Canonical Tags

Canonical Tags: A Simple Guide for Beginners

Canonical tags have existed since 2009; they are the means to inform the search engine that a specific URL is the master copy of the page. The markers prevent a seamless solution for website owners to tackle the problems created by identical or duplicate content found on other websites.

Canonical tags are the best means to secure improved website rankings. This article is a guide for beginners to solve issues related to canonical tags.

How does the canonical tag resemble?

The canonical tags are placed in the <head> section of the web page and use consistent and straightforward syntax.

Here is an example:

<link rel=“canonical” href=“” />

Importance of canonical tags for SEO:

Google doesn’t like duplicate content, and there are reasons for the same. This makes it difficult for Google to choose the original version for indexing and ranking of relevant queries. Also, should there be combined link equity, or should it be divided between the various versions?

The duplicate content impacts the crawl budget as Google will waste time identifying the real content instead of discovering new content on the page. Canonical tags solve every problem related to indexing, ranking, and determining the consolidation of links.

Canonical Tags

Beginners guide to proceed with canonical tags

Best practices for using canonical tags

Self-referential canonical tags: Having a self-referential canonical tag on your page is like a page speaking for itself. It makes it easy for the spider to crawl as the canonical tags point to duplicate pages, like (B being the canonical version for A, B, and C ).

The self-referential canonical helps to detect the indexed page or the URL that needs indexing.

Lowercase URL: Google generally interprets an uppercase and lowercase URL to be different.

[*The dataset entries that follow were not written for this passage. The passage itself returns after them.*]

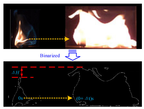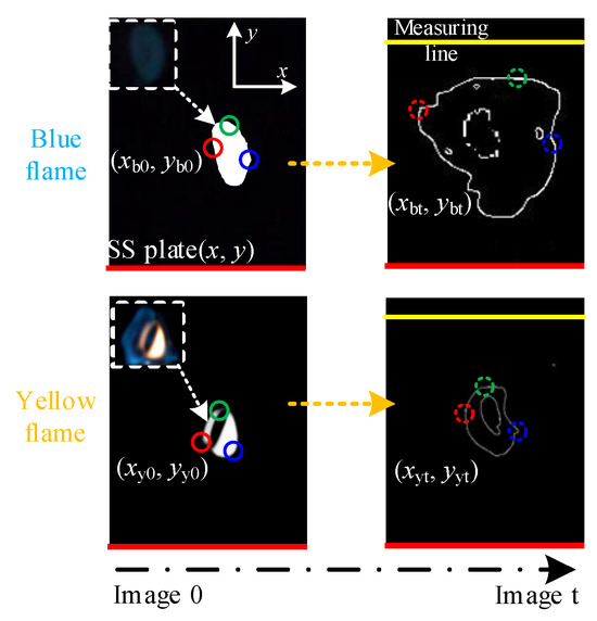 In Figure 3, the edge pixels of the blue flame in the first frame (Image 0) are denoted as (xb0, yb0), and the edge pixels of the yellow flame in the same frame are denoted as (xy0, yy0). Similarly, the edge pixels of the blue flame in the t-the frame (Image t) are defined as (xbt, ybt), and those of the yellow flame as (xyt, yyt). The pixel coordinates on the upper surface of the hot SS plate are represented as (x, y), with a measurement line set at a height of 80 mm from the surface of the SS plate. Using the pixel positions of both the flame and SS plate, combined with Chebyshev’s theorem [35] to scale the flame image’s feature edges, the flame height is calculated as shown in Equation (4).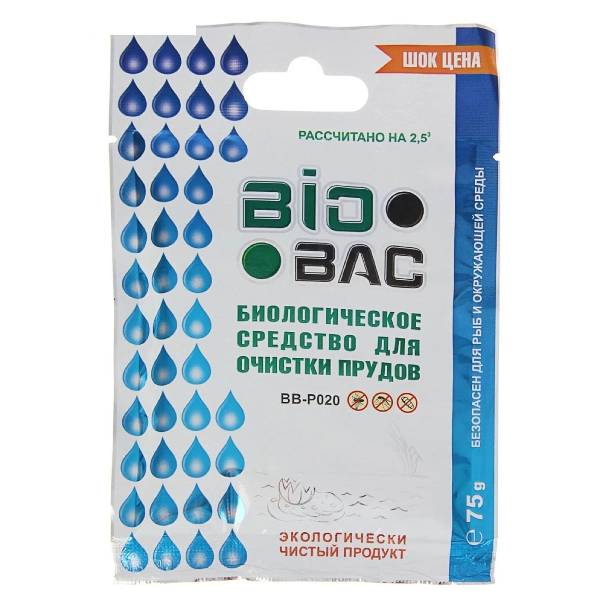Порошок для прудов Биобак BB-P020, 0.075 кг, без хлора интересное: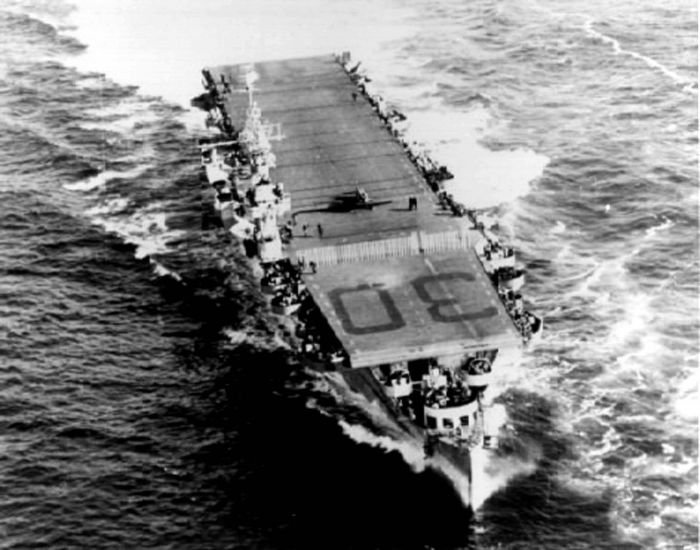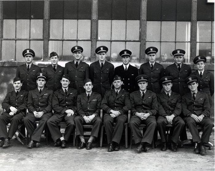 Standing L to R: Ensign James J. Wykes, aviator; Ensign Stanley P. Butchart, aviator; Ensign Jack O. Guy, aviator; Ensign Lou J. Grab, aviator; Lt (jg) William G. White, ordnance officer; Ensign George H. W. Bush, aviator; Ensign Howard G. Boren, aviator; and Ensign Douglas H. West, aviator. (Sitting L to R): Ensign Francis M. Waters, aviator; Lt Forrest H. Daniels, personnel officer; Lt Richard R. Houle, aviator; Lt Ross G. Allen, intelligence officer; Lt Commander Donald Melvin, Commanding Officer; Lt Legare R. Hole, Executive Officer/aviator; Lt (jg) Milan S. Nemsak, aviator; and Lt (jg) Richard B. Plaisted, aviator.View in the National Archives Catalog

Apply the lowercase URL on the web page server and finally proceed with the same in the canonical tags.

Absolute URL: The canonical tags need to have an absolute URL structure when compared to the relative one. While both seem to operate correctly, the chances of misinterpretations reduce in the absolute ones.

Use the correct domain version: URL comes with prefixes, like HTTP or HTTPs on the URL. The former is the unsecured version while the latter is secured. Today, around 51.8% of most visited websites use HTTPS over HTTP.

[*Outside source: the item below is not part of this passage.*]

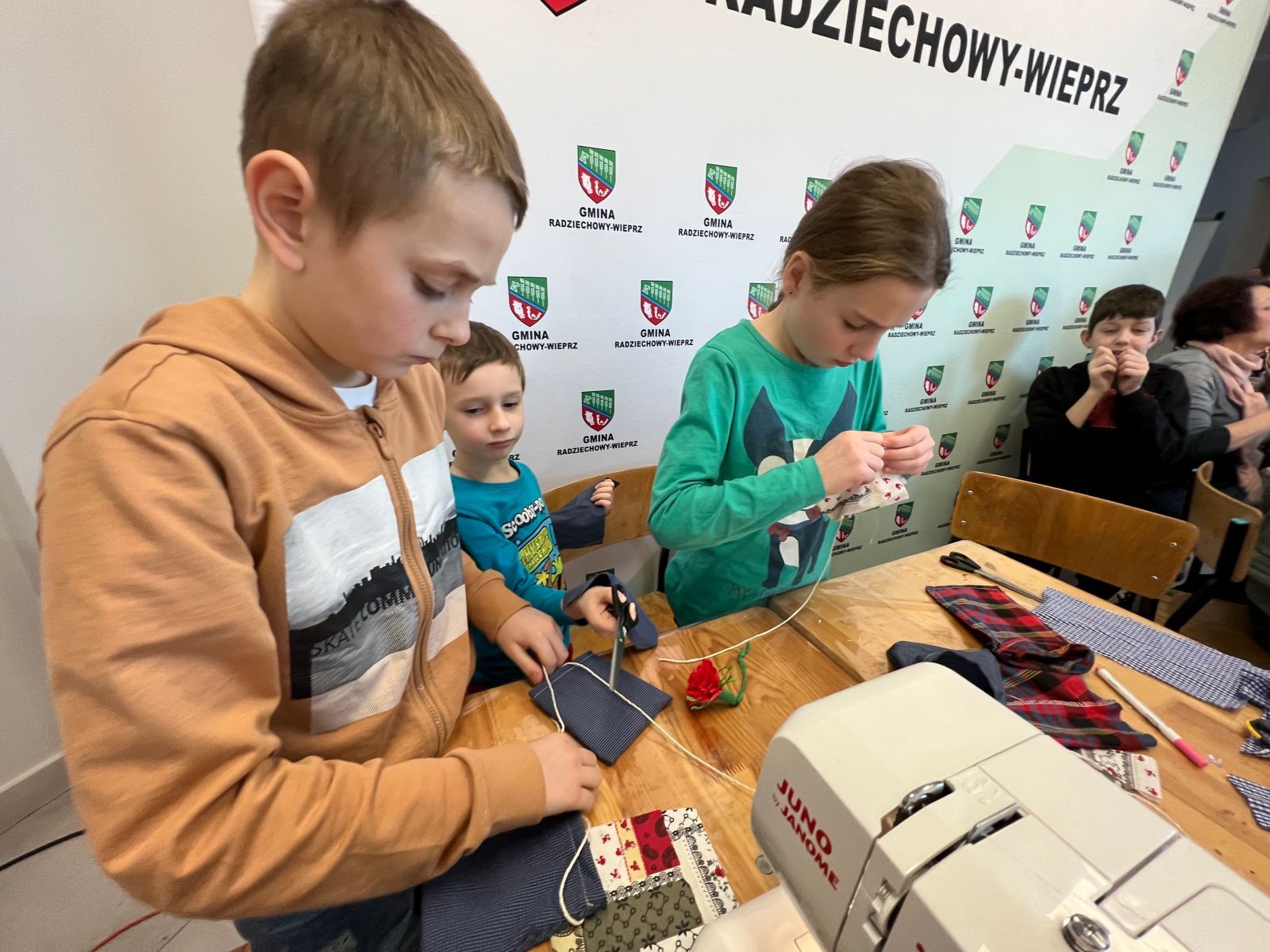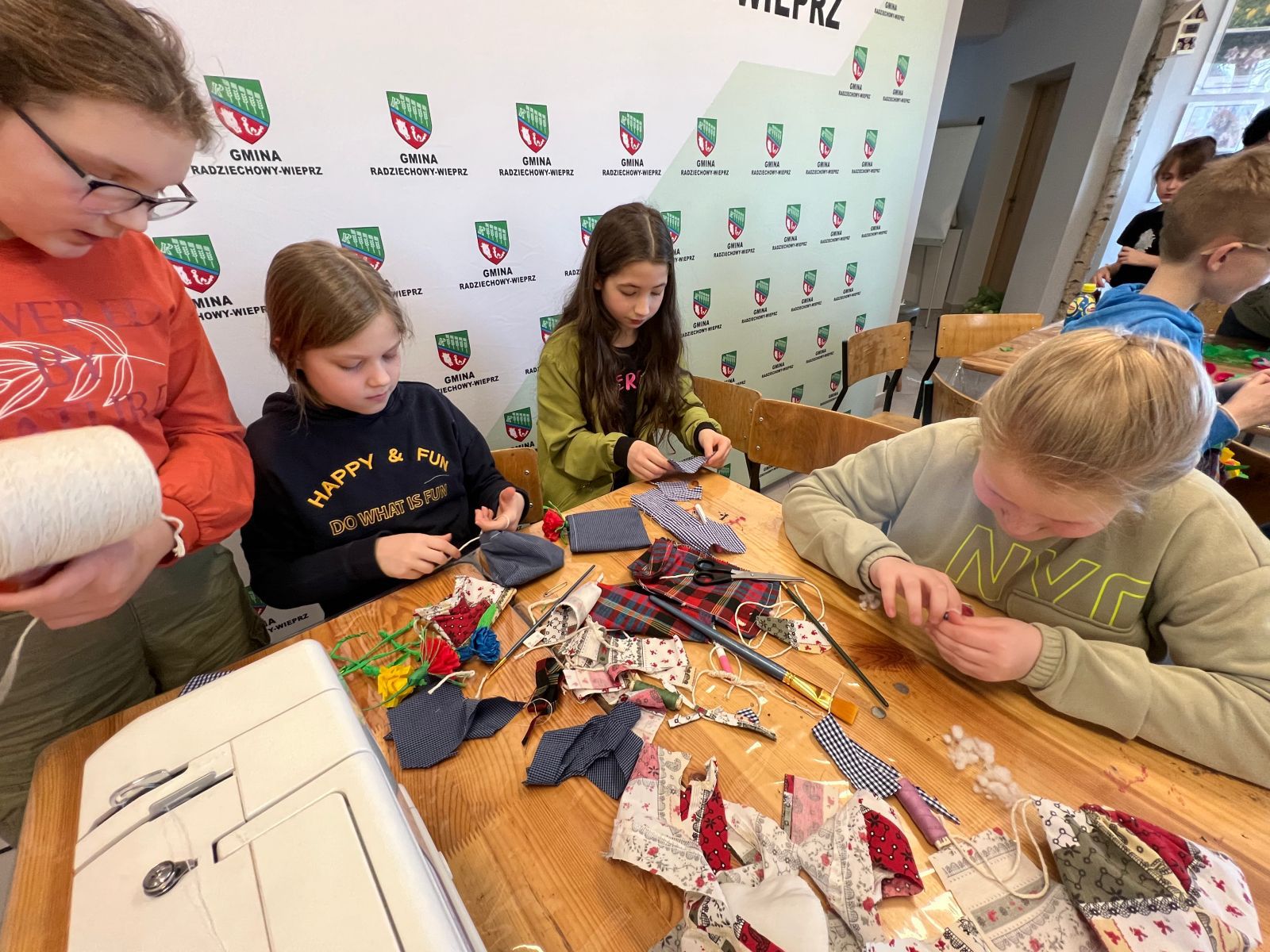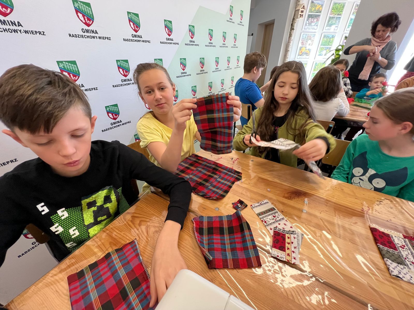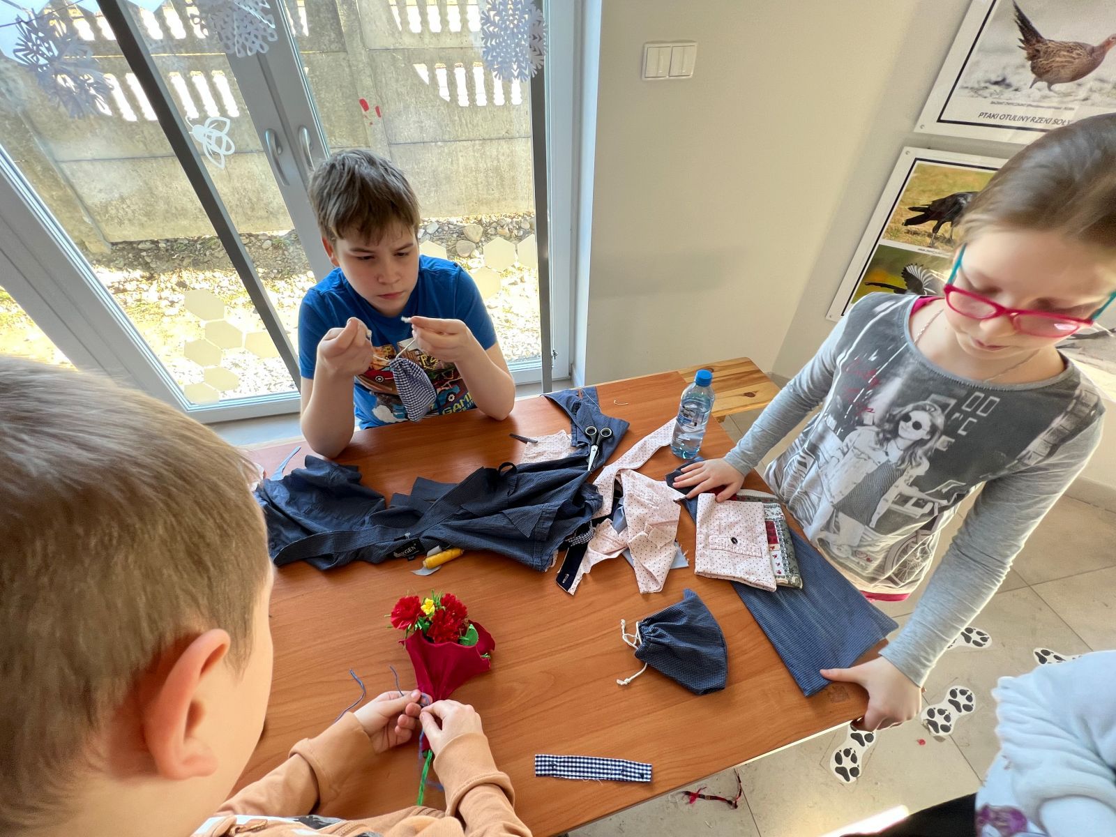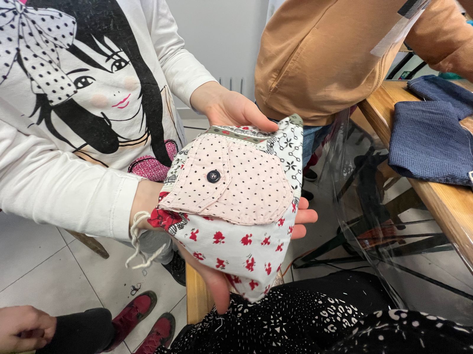 Prócz kwiatów z bibuły dzieci mogły uszyć woreczki na drobiazgi z różnych materiałów – jeansowe lub bawełniane. Kolory, wzory i kroje zachwycały a w szczególności pomysłowość dzieci. Materiały na worezki pochodziły z recyklingu a zajęcia miały na celu przedstawić dzieciom możliwości wykorzystania starych już niepotrzebnych ubrań.

Switching to a secure domain will require using the correct canonical tag with HTTPs instead of HTTP. Keep the necessary changes in mind; otherwise, the results will be abnormal.

One canonical tag per page:  Google will outright reject the pages if a page is found using multiple canonical tags in it. Sending mixed signals creates a misinterpretation for search engines.

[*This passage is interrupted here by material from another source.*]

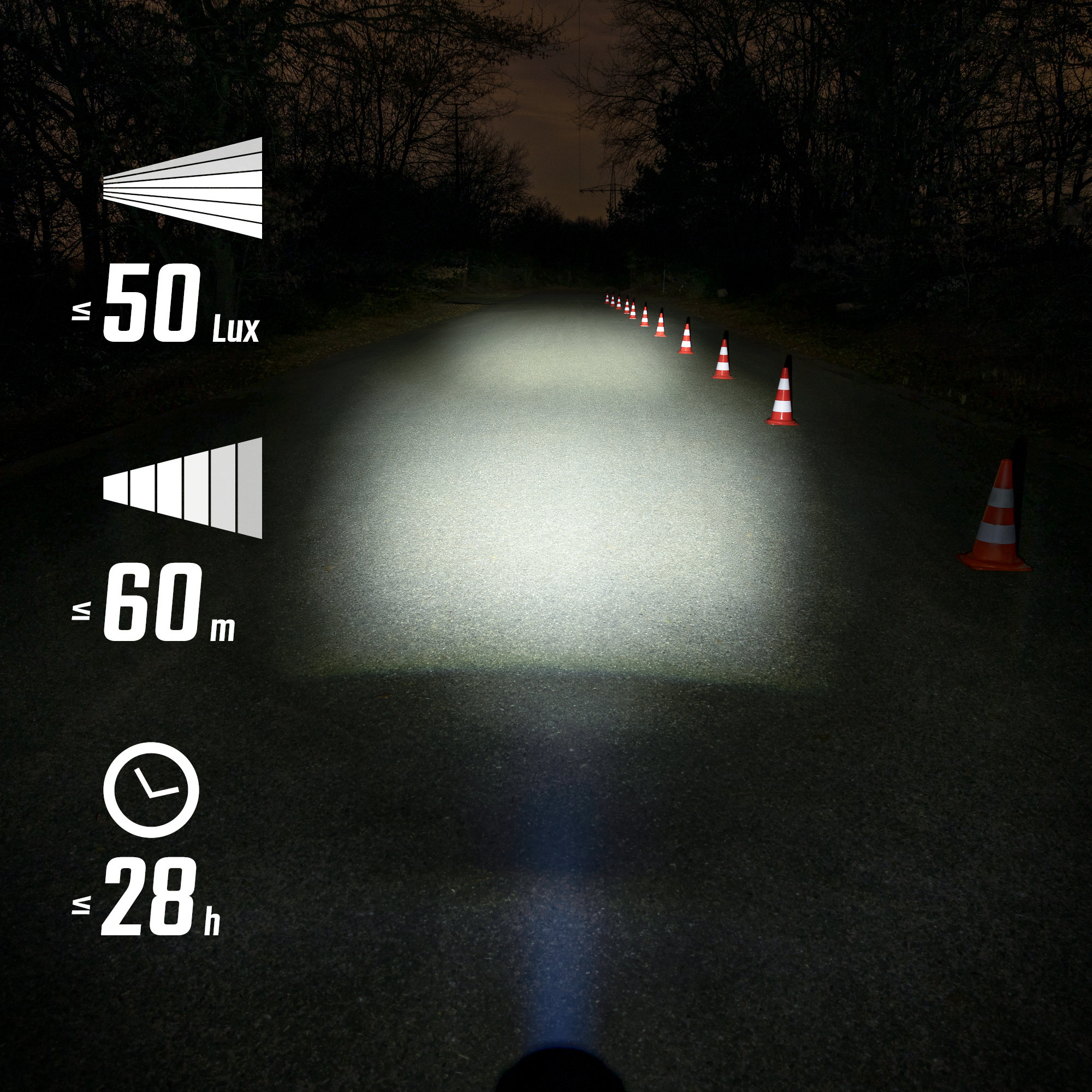 The AURA 50 has two light modes. In high mode, it reliably illuminates your path for up to 9 hours, and in ECO mode for up to 28 hours! Thanks to the memory function, the AURA 50 lights up the same way the next time you switch it on as it did when you switched it off.

You cannot cross canonicalize pages like X -–> page Y and page Y -–> page X. Also, avoid creating canonical chains like (X-–>Y, Y-–>Z, Z–X).

Steps to implement canonicals

Go for rel=canonical HTML tags: The most straightforward and effective way to specify a canonical URL is by using a code of rel=canonical tag. It enables the inclusion of any page’s HTML that directs the search engine towards the canonical version.

For instance, you have three pages that serve identical content to the users. You can select one of the pages for the primary URL. For the remaining two pages you need to add rel=canonical tags that give credentials to the primary page.

This process is a little time-consuming depending upon the duplicate URLs you are using and the canonical tags you wish to include.

Use HTTP or HTTPs Headers: In many pages, there is no access to the page head section for some or other reason. A similar problem is also found in the case of PDF versions that don’t show the page head section.

In both these cases, the approach has to be different for setting the canonical tags. Instead, you have to go through another route such as HTTP headers, for PDF files to add or edit head tags.

Setting canonicals in sitemap: Sitemaps are the straightforward documents that consist of all the URLs of the pages. If you wish that your pages aren’t missed, it is good to submit it to the search engines’ sitemaps.

The brighter aspect is that Google will recognize the pages listed as canonical in the sitemaps. But finally, it is up to Google to choose the URLs in the sitemaps as canonicals.

Use 301 redirects:  The 301 redirect is useful to move the audience from the identical URLs to the canonicalized version. Let’s say you have three reachable web pages for your audience. Pick one of the URLs for the canonical version and redirect the remaining URLs over there.

Similarly, manage the HTTP/HTTPS of the website. Redirect the traffic to the versions which follow the canonical tag.

Internal Links: The way one page is linked to another throughout the website gives a canonicalization signal. Through the different methods of implementing canonical tags, you can create alerts for Google.

The more consistent use of these signals will help the search engine to understand the desired canonical tags. Some of these signals are the use of HTTPS, URL in the sitemap file, well-structured URL, etc. Check Python vs Java vs Javascript

Key takeaways

Canonical tags aren’t very complicated once you know how to manage them. The tags help Google to identify the duplicate content on your site and prevents taking any severe actions.

This is crucial for the search engine as it heavily penalizes duplicate or identical content. After implementing the canonical tags, you are ready to rank your chosen URL freely on Google.